_How to complete this task_.
Pictures excluded, reproduce exactly the lines below from the one with "寒い日だったのでホットティーとデザートにババロアを頂きました。" through the one with "1. 우리 사무소(회사)", both included.

_Listed records_.
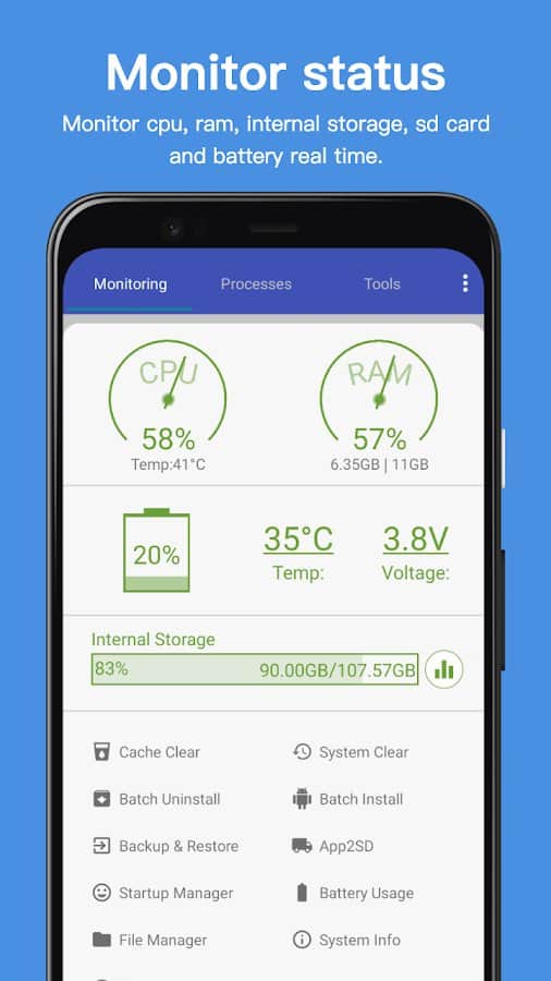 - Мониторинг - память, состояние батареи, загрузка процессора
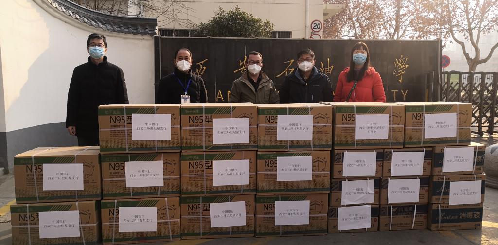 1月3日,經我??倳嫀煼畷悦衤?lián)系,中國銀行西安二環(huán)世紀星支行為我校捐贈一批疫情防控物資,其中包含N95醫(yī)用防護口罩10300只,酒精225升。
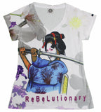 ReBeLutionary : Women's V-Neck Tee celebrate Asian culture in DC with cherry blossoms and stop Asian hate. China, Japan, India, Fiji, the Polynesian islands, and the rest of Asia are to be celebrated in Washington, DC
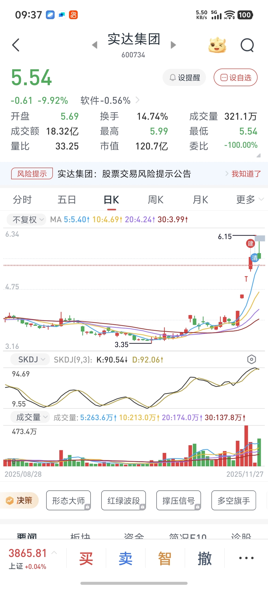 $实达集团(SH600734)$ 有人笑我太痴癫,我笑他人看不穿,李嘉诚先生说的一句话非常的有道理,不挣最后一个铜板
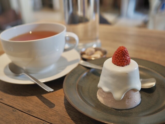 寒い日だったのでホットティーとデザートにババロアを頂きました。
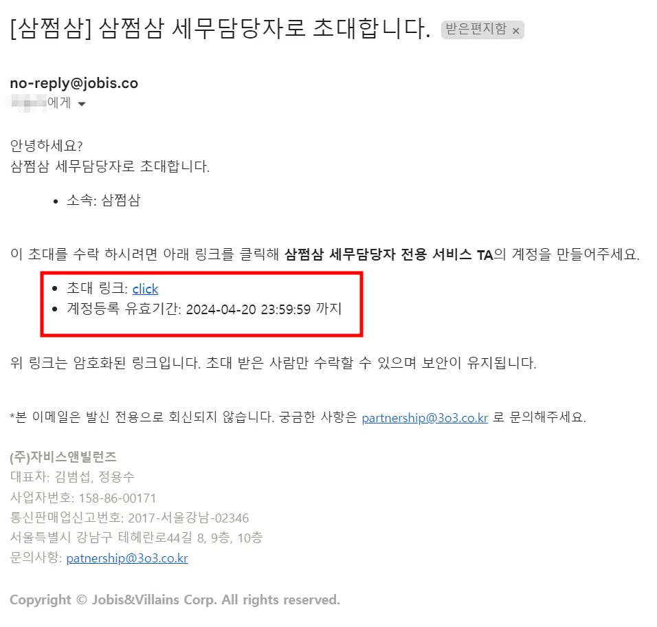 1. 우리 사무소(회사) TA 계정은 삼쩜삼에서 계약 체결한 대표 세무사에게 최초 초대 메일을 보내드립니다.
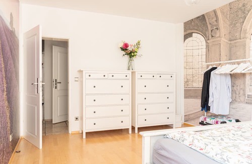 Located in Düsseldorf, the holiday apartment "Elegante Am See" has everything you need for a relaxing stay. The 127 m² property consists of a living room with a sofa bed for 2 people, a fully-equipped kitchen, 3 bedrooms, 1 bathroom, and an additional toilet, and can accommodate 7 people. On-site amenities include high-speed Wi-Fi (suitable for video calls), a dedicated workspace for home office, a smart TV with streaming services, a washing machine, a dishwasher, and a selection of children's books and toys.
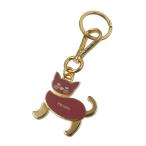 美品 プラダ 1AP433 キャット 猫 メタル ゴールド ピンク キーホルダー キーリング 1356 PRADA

_Output below_.
 寒い日だったのでホットティーとデザートにババロアを頂きました。
 1. 우리 사무소(회사) TA 계정은 삼쩜삼에서 계약 체결한 대표 세무사에게 최초 초대 메일을 보내드립니다.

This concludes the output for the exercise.